Friday, February 03, 2006

Teaching The Message

Today in my Medieval Islamic Civilization course we watched selected scenes which amounted to 2/3 of the Moustapha Akkad film The Message. I thought this would be a good way to introduce the traditional account of the founding of Islam, and indeed seldom have I seen a class pay such close attention to a film not accompanied by some sort of study questions. In fact, a handful of students asked me after class if we could watch some of what I left out, which consisted primarily of Abyssinia and some battle scenes. The Battle of Badr was an especially tough cut to make given its importance, and I may revisit it next class.

What's important to understand about this film, however, is that as the title indicates, it focuses on the message rather than the messenger. Students will see people reacting to Islam, suffering persecution, building the first mosque, and defending their faith, but they will come away knowing little about Muhammad's mode of life, the wives of the Prophet, and similar biographical details which are also important in the Muslim tradition.
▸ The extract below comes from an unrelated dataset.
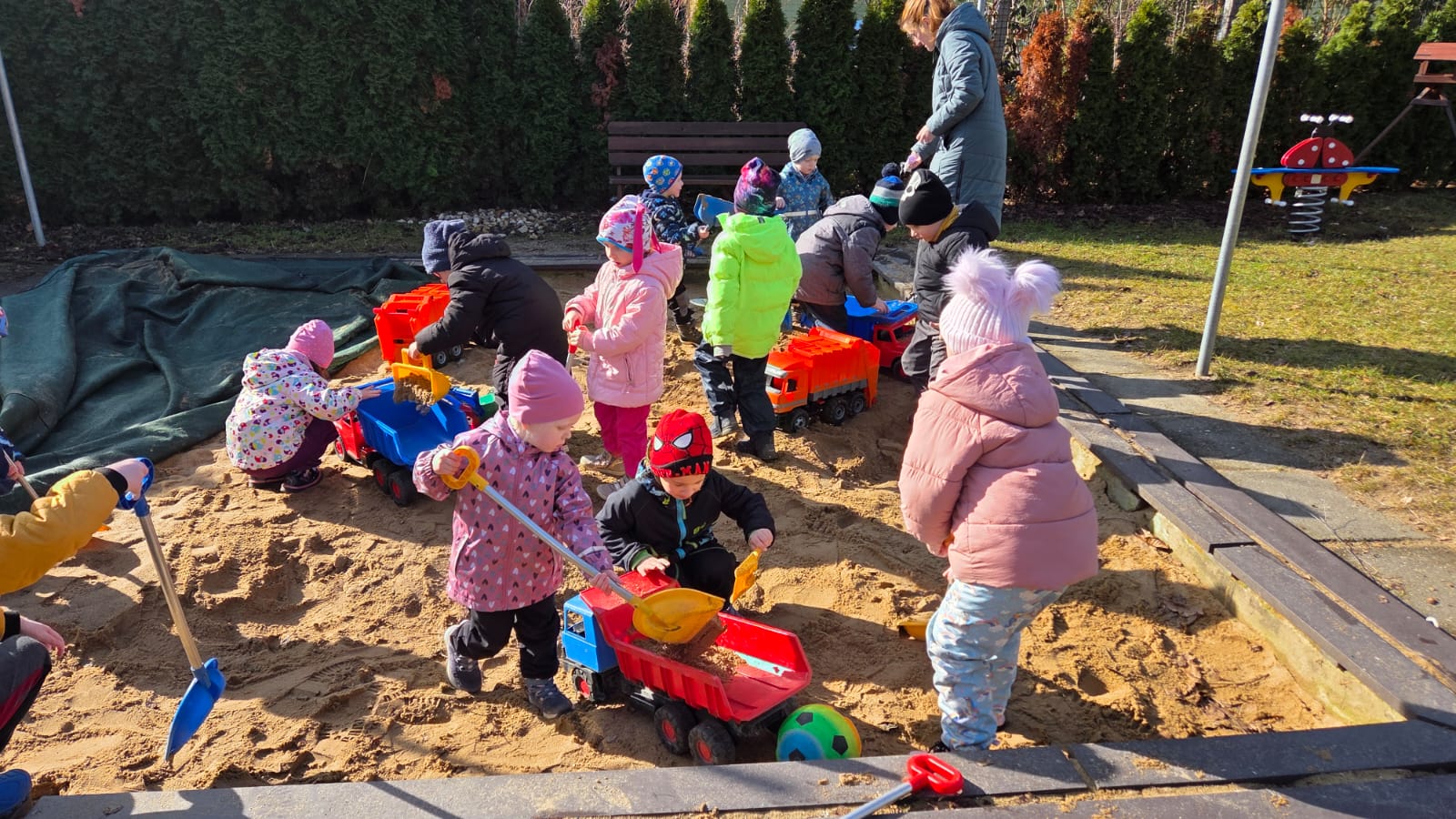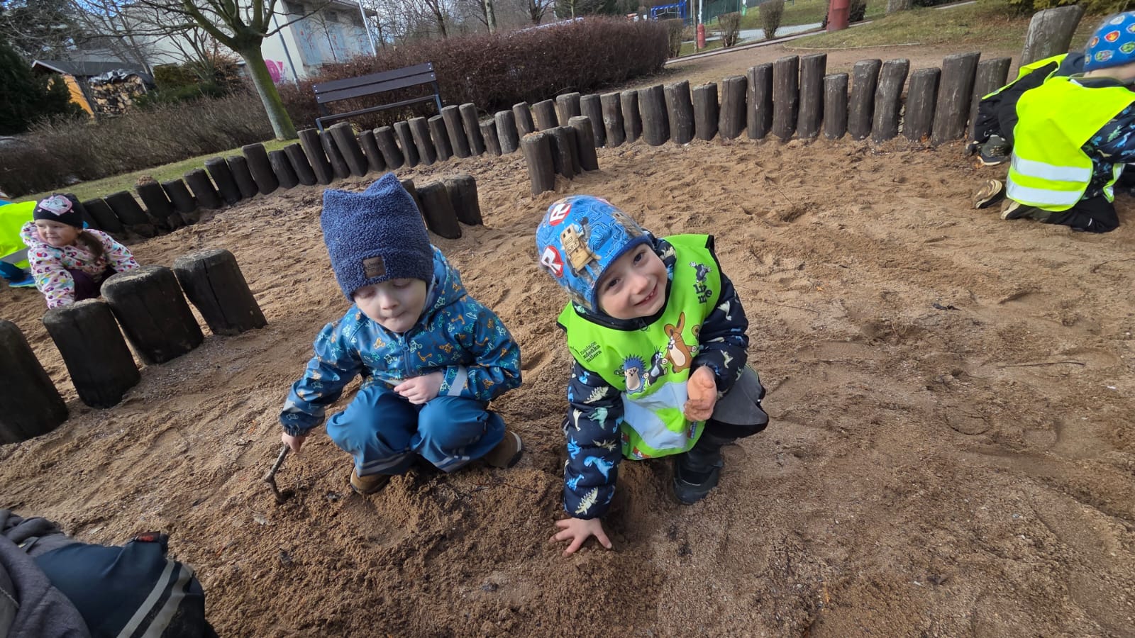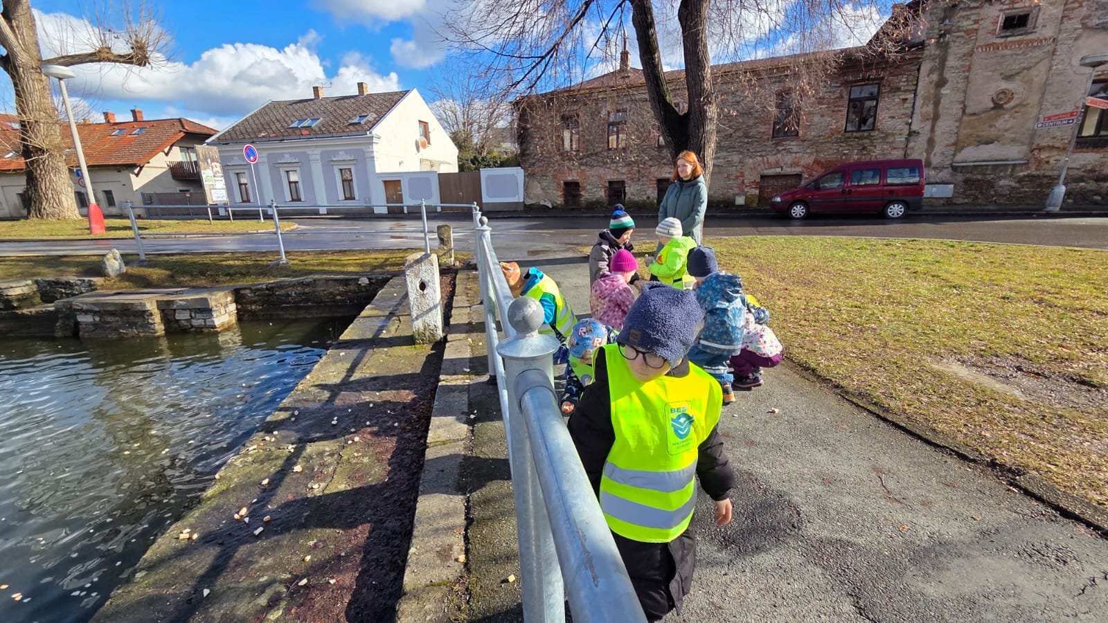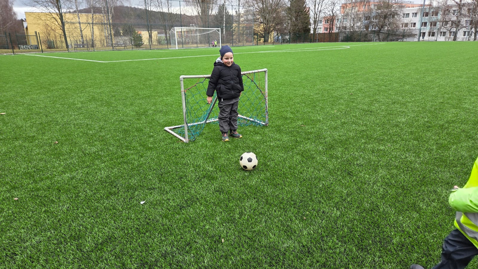 DĚTI HRÁLY FOTBAL,HÁZELY SI MÍČEM NA VELIKÉM HŘIŠTI.TAKÉ JSME NAKRMILI KAČENKY NA RYBNÍCE. A VYZKOUŠELI JSME JAKÉ JE TO PO ZIMĚ NA PÍSKOVIŠTI

It also leaves out a lot of the politics in Medina, though some of that may be made in the longer Arabic version.

We haven't had our class discussion yet, but my initial impression is that showing this was a success, and when supplemented with appropriate readings and lectures can lay out Muslim doctrine in its narrative context rather than simply as a dry list of beliefs and rituals. I expect to use this again in the future.